Сено - товар неклейменый. Прямо не придерешься. Два вечера Глеб становился в засаду в глухом переулке, чтобы ломануть Оладика дрючком. Пожег руки старой крапивой и злее сжимал кол. Оладик отсиживался дома. Телку в садах пасли семилетние Петька и Дашка. Глеб подстерег момент и перерезал телушке глотку. Окруженный плачущими детьми Оладик на горбу принес скотину домой. Начали пировать - мяса сколько! Только горько голосила баба: росла бы молочница и - на тебе! Шел мимо Глеб Есаулов. Посочувствовал горю хозяев. Сказал:

- Сенцо-то теперь залежится!

Ночью ему снилась телка. Проснулся с болью в душе. Жалко. Не Оладика. Телку. И еще больше злился на вора, толкнувшего на убийство. Ведь именно телят Глеб любил без памяти.

С утра повозившись с телегой, в сердцах толкнул сгнивший передок. Лес, привезенный на новый ход, пошел Спиридону на хату. Прибежал за накваской Федька Синенкин, мать тайно от отца послала, уж больно вкусное молоко у Есауловых! Прасковья Харитоновна встретила его ласково, дала гостинец. Федька передал Глебу, чтобы он нынче вышел на угол к Марии.

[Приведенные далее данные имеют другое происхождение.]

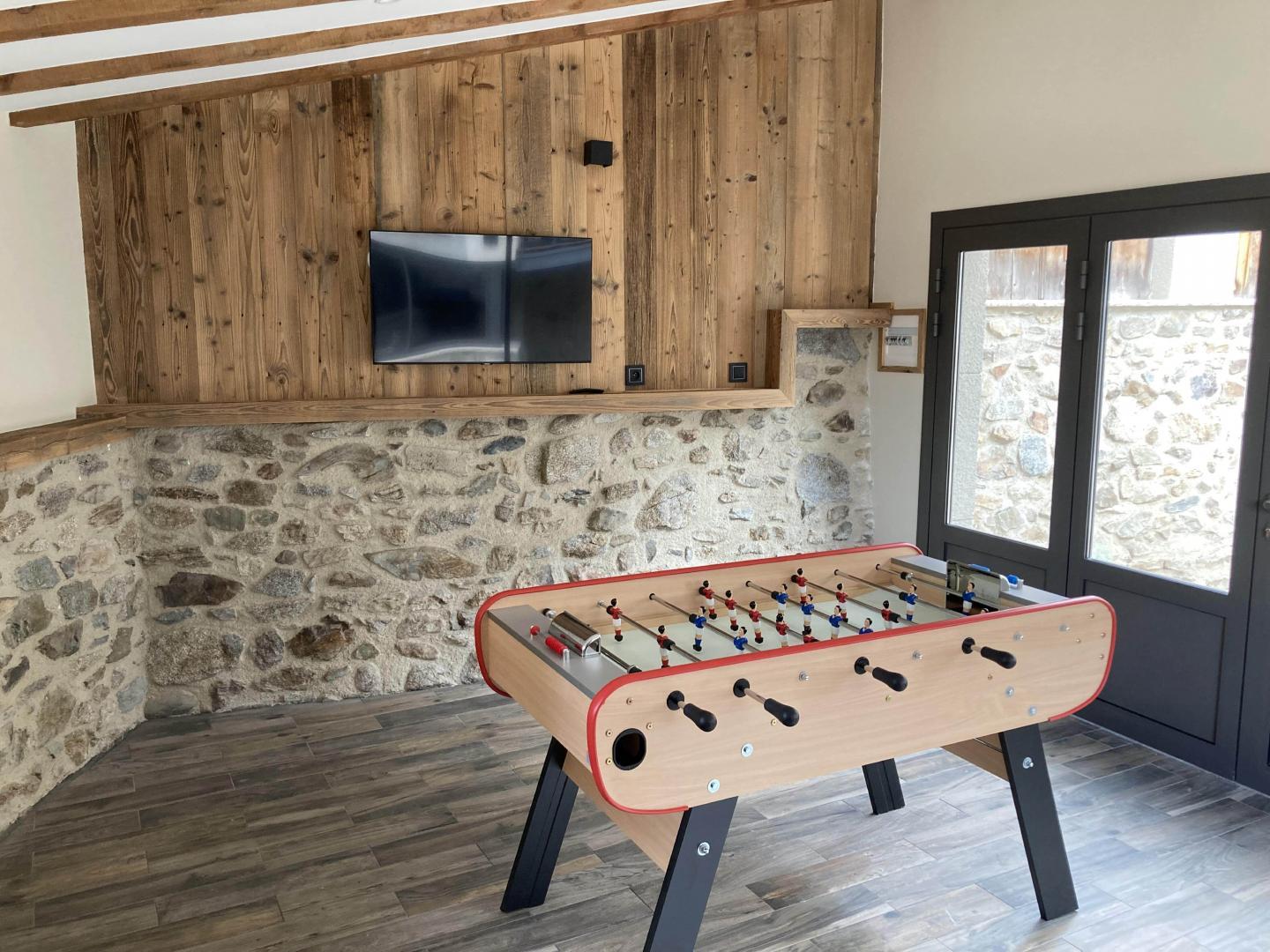 Au cœur du village des Angles, équipé de toutes commodités et commerces, navette pour la station de ski, Angléo (espace balnéo), cette ancienne ferme de montagne, entièrement rénovée et décorée avec goût, combinant charme rustique et confort moderne abrite deux gîtes, et est aménagée à proximité de l’église, dont le doux carillon des cloches, rythme paisiblement la vie du village, jour et nuit. Salle de jeux commune avec baby-foot, jeux de fléchettes, téléviseur, et possibilité d’y stocker vos VTT. Casiers à ski sont à votre disposition. Grand hall d’entrée commun : Sèche chaussures de ski Buanderie commune équipée de deux lave-linges et deux sèche-linges Espace bien être avec un spa pour 6 personnes, un hamman, une salle d’eau, wc. Afin de profiter au mieux de cet espace, les propriétaires mettent à votre disposition des consignes à suivre et des créneaux horaires pour vous inscrire. Cour close commune, avec barbecue et plancha, pouvant accueillir 3 véhicules. Parkings comm

Не до свадьбы сейчас Глебу. Фургон новый справлять надо, с весны начнут возить с гор желто-лимонный камень, с Подкумка булыжник и песок господа затевают строить за парком лечебницу, да такую, говорят, что будет лучшей на всем свете. Фургон деньги стоит, а тут и так разорение с картошкой, сеном. Завтракая, выпил араки, удивив мать. Пошел на мельницу. Там опорожнил с Трофимом еще пузырек пшеничной горилки. Откуда-то появились Михей и Спиридон. Трофимов обрадованно пригласил и их. Они стали благодарить мирошника за быков, данных Глебу за поденщину, - щедро заплатил мужик. Пришлось отпечатать еще один "плакон". Сели на перевернутую колоду у тихой зимней воды, неспешно, на солнышке, повели пир-беседу - с полем управились, можно теперь покумекать о мирском и суетном. Подливая в кружки, Трофим рассуждал, никого не беря в свидетели:

- И только в супружестве человек приходит в свое естество. И казак, и баба были попервам одной сутью. Но в гневе рассек их господь бог, и с тех пор тяготеют они друг к дружке, половину свою ищут...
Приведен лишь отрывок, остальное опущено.